Abstract
AIMS
Glioblastoma (GBM) is the deadliest and most common primary brain tumour with median survival rates of less than two years. Inter- and intra-tumoral heterogeneity, cellular plasticity and de-regulated signalling pathways are plausible causes of resistance to existent therapies in GBM. As current therapies offer only limited survival benefits, the identification and validation of new approaches in glioblastoma management is of the highest importance
METHOD
• In silico analysis, RNA sequencing analysis after SPT6 depletion and analysis of R-loop formation after RAD52 depletion.

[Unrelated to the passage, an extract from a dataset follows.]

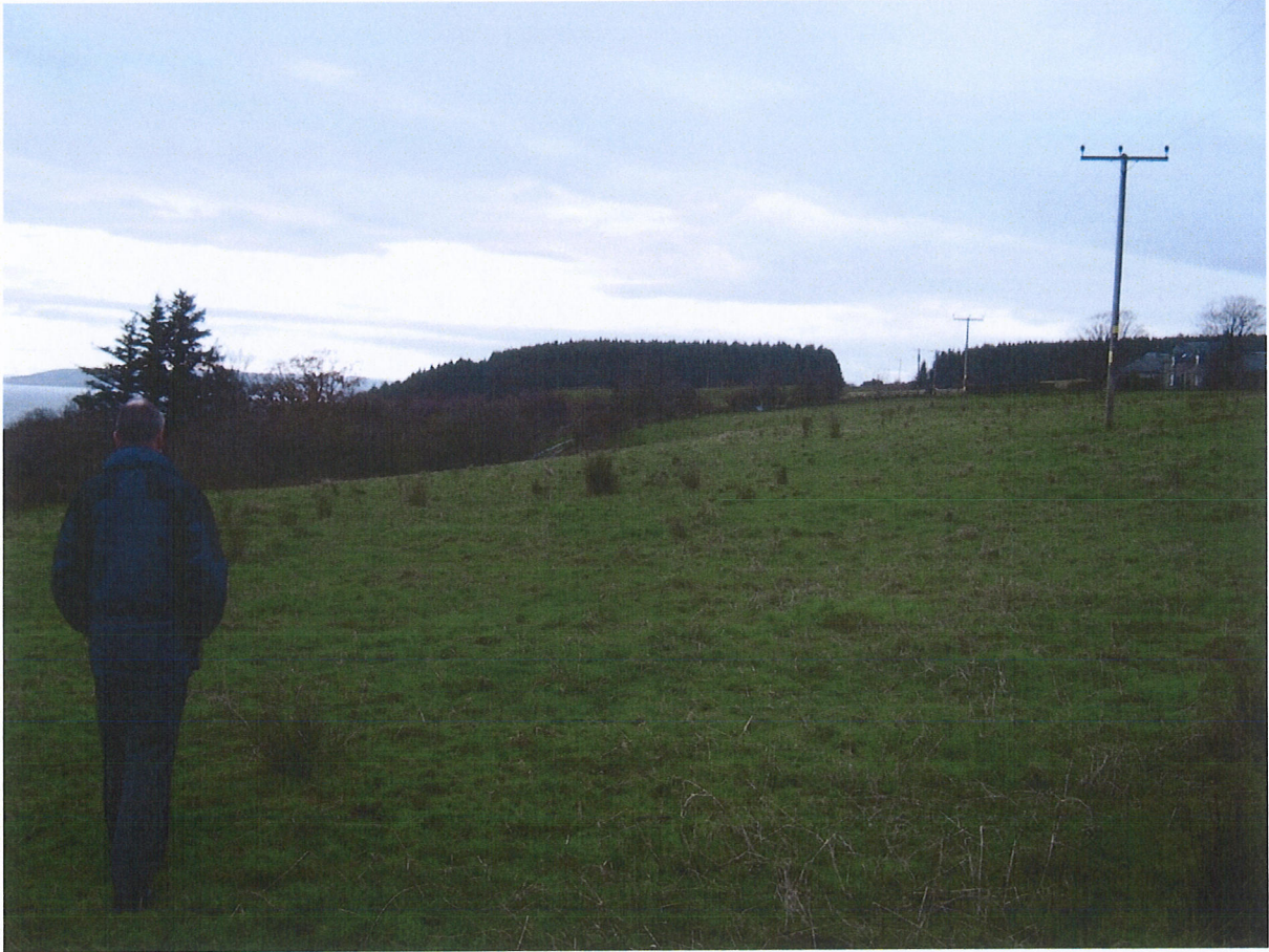
Photograph 5: This photograph is from Winter 2009 / 2010 and shows the view towards the approximate location of the northernmost plot looking north west with the Achnadriane Farmsteading in the middle distance.

• Patient-Derived Xenografts and primary human glioblastoma cells
RESULTS
Our recent findings show significantly higher RAD52 mRNA levels in malignant gliomas compared to normal brain, where its levels negatively correlate with GBM patient survival. Experimental data show that the inhibition of RAD52 by 6-Hydroxy-DL-Dopa (6OH-Dopa) impairs GBM cell survival due to increased replication- transcription collisions leading to the accumulation of DNA damage. Transcriptional elongation factor SPT6 has previously been named an essential gene in GBM. We find that loss of SPT6 decreases the expression of HR proteins BRCA1, RAD51 and RAD52. RAD52 binds to single-strand DNA (ssDNA), plays a crucial role in most HR events, and restarts collapsed replication forks in response to oncogene-induced replication stress. Further investigation into the role of RAD52 showed depletion of RAD52 results in an increase of R-loops increasing genomic instability and DNA damage.
CONCLUSIONS
Based on our findings, we hypothesize that SPT6 modulates RAD52, which acts as a sensor of R-loops and plays a crucial role in R-loops’ resolution.